You come expecting a fruity treat and leave with a savage bite.

You come expecting a fruity treat and leave with a savage bite.

S: This smelled like red wine vinegar at the outset when it was really cold and then I realized that I was beating a peanutbutter cunt drinking a beer at like 45 degrees, so I went and watched an episode of MTV Catfish to feel better about myself and returned. When I came back, the vinegar had spread its legs and introduced a minor aspect of some cranberry with a light blackberry on the backend, like the smallest dirtiest child in a foster home. There was some serious sour abuse going on here. WHO IS IN CHARGE OF THIS ACETYL HOUSE OF ILL REPUTE?

T: This just seriously goes butyric and tart to the point that it almost has a salinity to it. I don’t mean this in the sloppy labia crybaby way like when people try Cantillon for the first time, I mean this is one note, and that one note is not enjoyable, like the movie White Chicks.
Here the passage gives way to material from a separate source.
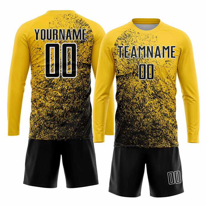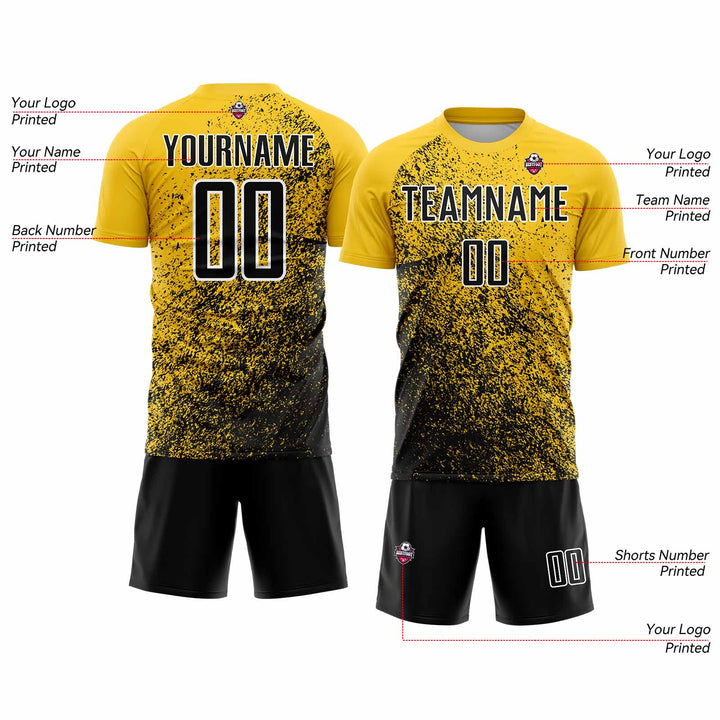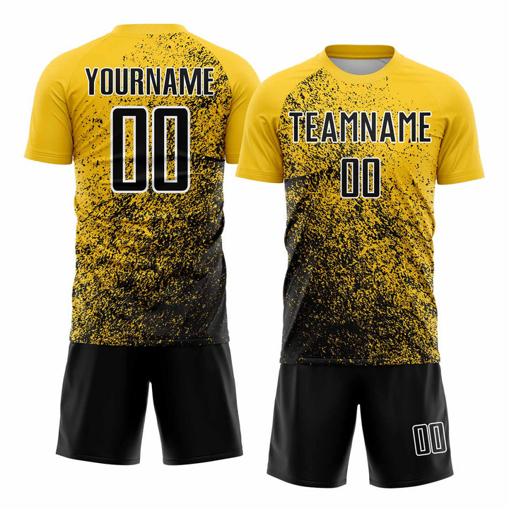 Custom Yellow Black-White Abstract Fragment Art Classic Uniform Training Sets Soccer Jersey For Adults/Kids

You get this intense grenadine meets soda left out after a sleepover, there is a bit of oak drying your gumline and giving you cankersores, the vinegar dryness finishes strong and lets you know that you aren’t welcome in Colorado. I want to say “oh but the fruit profile balances out the blahblahstrokingitblah” but I cannot. The fruit is like when you see a crew of homies and there is the one super small dude who does most of the out of the way tagging. It is hardly the dominant person up in the mix. This is not horrible, it is not as bad as something like Pipeworks Blue Lady, but YOU FEEL LIKE AVERY PHONED IT IN.
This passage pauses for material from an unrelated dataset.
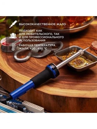 Паяльник сетевой Мастер Rexant 12-0122 — надежный инструмент для бытовых и профессиональных задач. Керамический нагреватель обеспечивает быструю и стабильную рабочую температуру жала 420-450 градусов, а долговечное жало гарантирует долгий срок службы. Мощность 300 Вт и удобная пластиковая рукоятка делают работу комфортной и эффективной. Отличный выбор для тех, кто ценит качество и надежность.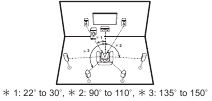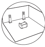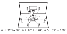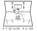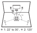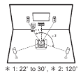 This is a 5.1-channel system that is the basic surround system. Front speakers output front stereo sound and a center speaker outputs center sound such as dialogs and vocals. Surround speakers create back sound field. Powered subwoofer reproduces bass sounds and creates rich sound field. The front speakers should be positioned at ear height, while the surround speakers should be positioned just above ear height. Center speaker should be set up facing the listening position. Place the powered subwoofer towards the front. Placing it between the center speaker and a front speaker gives you a natural sound even when playing music.

Once you open this, something seems very off.

Once you open this, something seems very off.

M: See above, as dry as the scenery and acting in Lawrence of Arabia, painful almost. I let it warm to see if there was some complexity to this, but at best it feels like the beautiful Consecration got wasted and boned the horrible Allagash Vagabond and this beast was the result. AND HERE WE ARE TO PICK UP THE PIECES. This is simply too tart in a way that has no redeeming balance. People who don’t know shit will be like “AHHH YEAHH I LOVEEE SOURSS LIKE THISS, YOU JUST…YOU CANT…HANG” I killed 2010 Weyerbacher Riserva myself, I dont need some weak penis lecture on sour beers, this lacks balance and YOUR TASTEBUDS ARE FUCKING WRONG.

D: Not very.

Alright I guess I have to say more than that unless I want this to look like a shitty youtube review. The biggest problem is the dryness that has no balance from the fruit or barrel characteristics. Perhaps a malties base beer would have offset the effects of the salty vinegar dryness, I don’t know, my job is to bitch and complain. If you come into this expecting some 2007 Rodenbach Grand Reserve treat, prepare for sads. You would be better served with a Duchess, better still Supplication, even more so Consecration. Or, call me crazy, stop being a poor fuck and spend $20 on Bruery Oude Tart and give your grandkids something to be proud of you for.

When it kicks in, you feel it in your jaw.  And testicles.

When it kicks in, you feel it in your jaw. And testicles.

Narrative: Francis Brackery bought a crumbling house on a fallow raspberry farm. No one thought to tell him that berries would not grow well in central Nebraska, and as a result he was bitter and acrimonious to the core. Children would come to his house on Halloween, dressed in their shabby Nebraska costumes, Austin Powers, the Mask, lots of recycled items from other wealthier states, and he would give them hard unripe fruit in their pillow sacks. Francis looked out the window and heard the crabapples bounce off of his windows, hard and unwanted. One day while poking around in the cellar, he found a false wall that extended into a substantial underground chamber with rows and rows of crabapple vinegar. “FINALLY A TURN OF LUCK FOR OLD FRANNY BRACKERY!” he exclaimed, knocking a pot over onto his J Crew khakis, burning his genitals severely. The neighbors being from Nebraska were naturally as poor as the day is long and could offer no help. Now old man Brackery just rocks in his glider on the porch, looking into his mangled crabapple burns, thinking of what could have been.

Standard
0

Avery Uncle Jacob’s Stout, A Stout that Socks You 215 years Beyond the Grave

Avery beers have been divisive for me, sometimes it is a tart delight, other times it is a dramatic wine substitute. This is a nice foray into the world of their hellish huge beers in the same lineage as Mephistopheles, The Beast, Grand Cru, etc. I enjoyed one of those three, so we shall see how this 17.42% abv giant socks me in the face in today’s review.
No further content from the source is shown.